# Process Patterns

Resilient workflow patterns for multi-step, multi-agent task execution. Use these patterns when designing workflows that must handle failures gracefully, coordinate parallel work, and maintain consistency across distributed operations.

## Saga Pattern

Sagas manage long-running, multi-step processes where each step can be compensated (undone) if a later step fails.

### Orchestration (Central Coordinator)

A single coordinator directs each step and decides what to do on failure.

```
Coordinator
  ├─ Step 1: Reserve inventory  → Compensate: Release inventory
  ├─ Step 2: Charge payment     → Compensate: Refund payment
  ├─ Step 3: Ship order          → Compensate: Cancel shipment
  └─ Step 4: Send confirmation   → Compensate: Send cancellation
```

**When to use:**
- Clear sequential dependencies between steps
- Central visibility into workflow state is required
- You need deterministic retry and compensation ordering

**Trade-offs:**
- Single point of failure at the coordinator
- Easier to reason about and debug
- Coordinator must be durable (persist state across restarts)

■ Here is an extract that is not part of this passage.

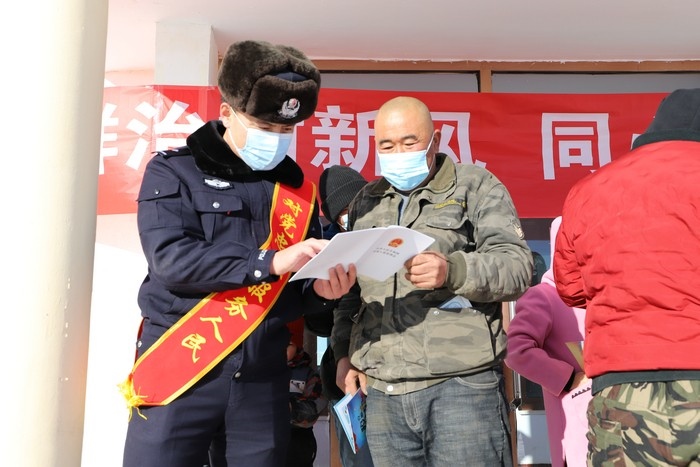 期間,該派出所結(jié)合“110”宣傳日,深入邊境轄區(qū)企業(yè)、嘎查、牧戶家中開展普法送法活動,向群眾宣傳普及新冠肺炎疫情防控法律法規(guī)、民法典、內(nèi)蒙古自治區(qū)邊境管理條例等,不斷提升轄區(qū)群眾學(xué)法守法懂法用法的意識,并幫助轄區(qū)孤寡老人喂養(yǎng)牲畜、維修水泵,詳細(xì)了解家庭實際困難,切實讓轄區(qū)群眾感受到關(guān)懷和溫暖。

### Choreography (Event-Driven)

Each participant listens for events and acts independently. No central coordinator.

```
InventoryService  ──(InventoryReserved)──►  PaymentService
PaymentService    ──(PaymentCharged)──────►  ShippingService
ShippingService   ──(OrderShipped)────────►  NotificationService
```

**When to use:**
- Loosely coupled services with independent lifecycles
- High throughput where central coordination is a bottleneck
- Teams own their own services end-to-end

**Trade-offs:**
- Harder to trace and debug across services
- Risk of implicit coupling through event schemas
- Compensation logic is distributed and harder to verify

### Decision Checklist

- [ ] Are steps strictly sequential? → Orchestration
- [ ] Do services need independent scaling? → Choreography
- [ ] Is end-to-end visibility critical? → Orchestration
- [ ] Are teams autonomous with separate deploy cycles? → Choreography
- [ ] Is the failure/compensation logic complex? → Orchestration

## Compensation and Rollback Strategies

### Compensation Design Principles

1. **Every forward step gets a compensating action** defined at design time
2. **Compensations run in reverse order** of the original steps
3. **Compensations must be idempotent** (safe to retry)
4. **Semantic undo, not literal undo** -- refunding a charge is not the same as never charging

### Compensation Table Template

| Step | Forward Action | Compensation | Idempotent? | Notes |
|------|---------------|--------------|-------------|-------|
| 1 | Create order record | Mark order cancelled | Yes | Soft delete, never hard delete |
| 2 | Reserve inventory | Release reservation | Yes | Check reservation exists first |
| 3 | Charge payment | Issue refund | Yes | Use idempotency key |
| 4 | Send notification | Send correction notice | Yes | Append-only |

### Rollback Strategies

**Immediate rollback:** Compensate all completed steps as soon as any step fails. Best for atomic-feeling operations.

**Deferred rollback:** Queue compensations for later execution. Best when compensations are expensive or external (e.g., refund processing).

**Partial rollback:** Only compensate steps that are inconsistent. Best when some steps are independently valuable.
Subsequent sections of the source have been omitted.